In some of my projects, I’ve recently had the need to utilize FMA (fused-multiply-add) or AVX instructions. Compiling C/C++ on X86_64 will by default only activate MXX and a few of the early SSE extensions. The utilized instruction set basically predates the core2 which was introduced in 2006.

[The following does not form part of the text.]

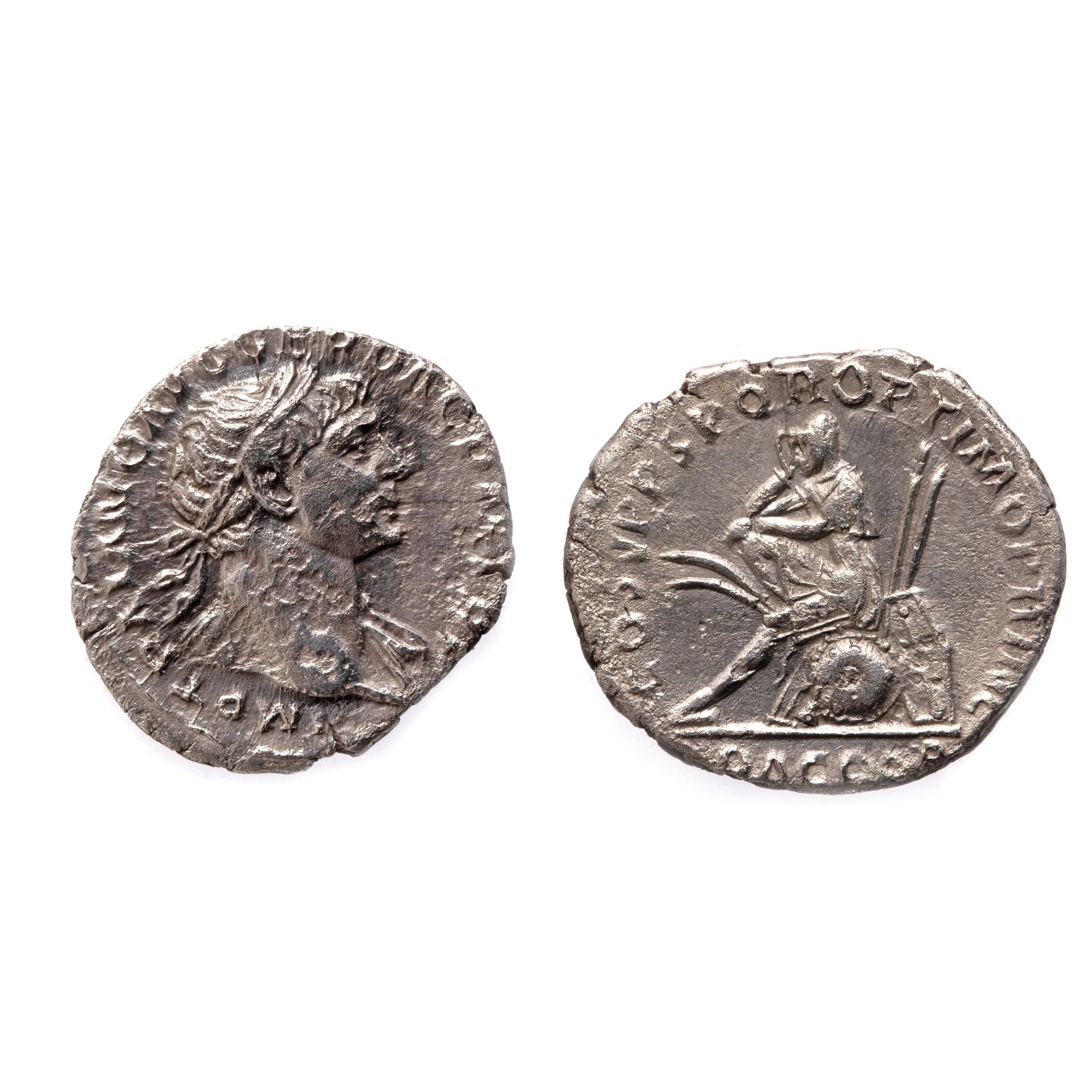 77F. Monedă Denarius, Traian, tip Dac Captiv, 107-108 e.n., argint

Math instructions and vectorizations can greatly benefit from more
modern instructions like SSE4*,
FMA, AVX, AVX2, etc, but because of the way the -march
compiler option works, those are not easily enabled for all CPU types of
similar age.
-march=native
enables all the bells and whistles of the compiling CPU, which is good for locally compiled programs to e.g. do number crunching, but the resulting program is unlikely to run on a CPU of similar age from a different manufacturer.-march=bdver4
runs on the last AMD Bulldozer variant and later AMD CPUs, but uses FMA4 or SSE4A which are AMD specific and break Intel CPUs.-march=haswell
runs on all Intel CPUs from the last 7 years, but is allowed to use HLE instructions not supported on Bulldozers, etc.
With the -Q --help=target
options, GCC can tell what
specific features are enabled, given a specific architecture
(excerpt):
gcc -Q --help=target -march=haswell
-mavx [enabled]
-mavx2 [enabled]
-mbmi2 [enabled]
-mssse3 [enabled]
Using the Wikipedia lists of AMD’s APU release dates and the Intel Core release dates together with the GCC X86 instruction set options, we can determine which options are common to AMD and Intel CPUs of a certain age and are available to compile binaries with modern instruction sets that run on both brands.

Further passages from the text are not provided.